EVV Home Health Soft Launch
The soft launch pay and report period for the implementation of electronic visit verification (EVV) for Home Health began April 1, 2023, and will run through June 30, 2023. During this period home health claims will pay without a verified visit containing all required EVV data.
NC Medicaid is closely monitoring provider readiness and adoption. Regular reports of submitted visits, both verified and incomplete, are being tracked to ensure compliance with this expectation. Staff is reaching out through phone calls and emails to provide technical assistance and guidance to home health providers that are not using the system successfully. Reports show some data mismatches for electronic visits between the Payer, Program and Service codes.
Home Health EVV Codes
It is important providers carefully select the correct information and submit all the required information for each visit. Effective July 1, 2023, the visit record must match the claim submitted to NCTracks for it to pay.
Home Health Taxonomies
Home health taxonomies subject to EVV are found in NC Medicaid bulletin Electronic Visit Verification Home Health Services Taxonomy and Bill Type Information.
Electronic Visit Verification does not apply to Independent Practitioner Providers of therapies billing professional claims. See NC Medicaid bulletin NC Medicaid Home Health Electronic Visit Verification: Exclusion of Independent Practitioner Providers.
Agencies providing services under the 253Z00000X taxonomy do not fall in the home health program. This taxonomy is for In Home Supportive Care for services such as personal care services.
Note: Some services under this taxonomy are also part of the Community Alternatives Program (CAP). CAP services are only available in NC Medicaid Direct and are not appropriate for beneficiaries enrolled in health plans.
Providers should select the correct EVV Payer code for the individual receiving home health services.
- DHBPHP This code is for individuals enrolled with a Standard Plan.
- DHBTP This code is for individuals enrolled with a Tailored Plan.*
- DHBFFS This code is for individuals enrolled in NC Medicaid Direct.
- DHBLME** This code is for individuals enrolled in NC Medicaid Direct but receiving 1915(c) Innovations Waiver and 1915(i) Community Living and Support services through LME/MCOs.
* Tailored Plan is not effective until Oct. 1, 2023.
** This payer code is not applicable to Home Health Services
Providers should select the correct program code for the individual receiving home health services.
Program Codes in Home Health Services
- HHAID This code is for individuals receiving aide services under the home health program
- HHSNV This code is for individuals receiving skilled nursing visit services under the home health program
- HHTHER This code is for individuals receiving therapy services under the home health program
Program Codes not in Home Health Services
The following codes are not an appropriate selection for individuals receiving home health and should not be combined with the revenue codes listed in the home health service code section.

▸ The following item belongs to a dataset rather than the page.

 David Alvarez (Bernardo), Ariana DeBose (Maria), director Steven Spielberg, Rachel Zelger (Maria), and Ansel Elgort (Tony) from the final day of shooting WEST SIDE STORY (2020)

- PCS This code is for State Plan personal care services
- CAPC This code is for Community Alternatives Program for Children services
- CAPCD This code is for Community Alternatives Program Consumer Directed services
- CAPDA This code is for Community Alternatives Program for Disabled Adults services
The following codes are only appropriate for home health services and should not be used for EVV visits for personal care services, Community Alternatives Programs, or 1915(c) Innovations Waiver and 1915(i) Community Living and Support services provided under the LME/MCOs.
- RC420 Physical therapy
- RC424 Physical therapy evaluation
- RC430 Occupational therapy
- RC434 Occupational therapy evaluation
- RC440 Speech-language pathology services
- RC444 Speech-language pathology services evaluation
Skilled Nursing Visits
- RC550 Skilled nursing: Initial assessment/re-assessment
- RC551 Skilled nursing: Treatment, teaching/training, observation/evaluation
- RC559 Skilled nursing: For a dually eligible beneficiary when the visit does not meet Medicare criteria
- RC580 Skilled nursing: Venipuncture
- RC581 Skilled nursing: Pre-filling insulin syringes/Medi-Planners
Home Health Aide
- RC570 Home Health Aide
If inaccurate information is entered in the Sandata EVV system, the appropriate way to correct the error is to omit the visit and reenter the correct information. It is not appropriate to clear the exceptions and cause the visit to go into verified status.
For more information on how to correctly manage visit data in the Sandata system, please refer to trainings located on the Sandata website to access Visit Capture and Visit Maintenance videos. The trainings can also be accessed at the Sandata on Demand library at sandata.com, navigate to Resources and then to Sandata on Demand.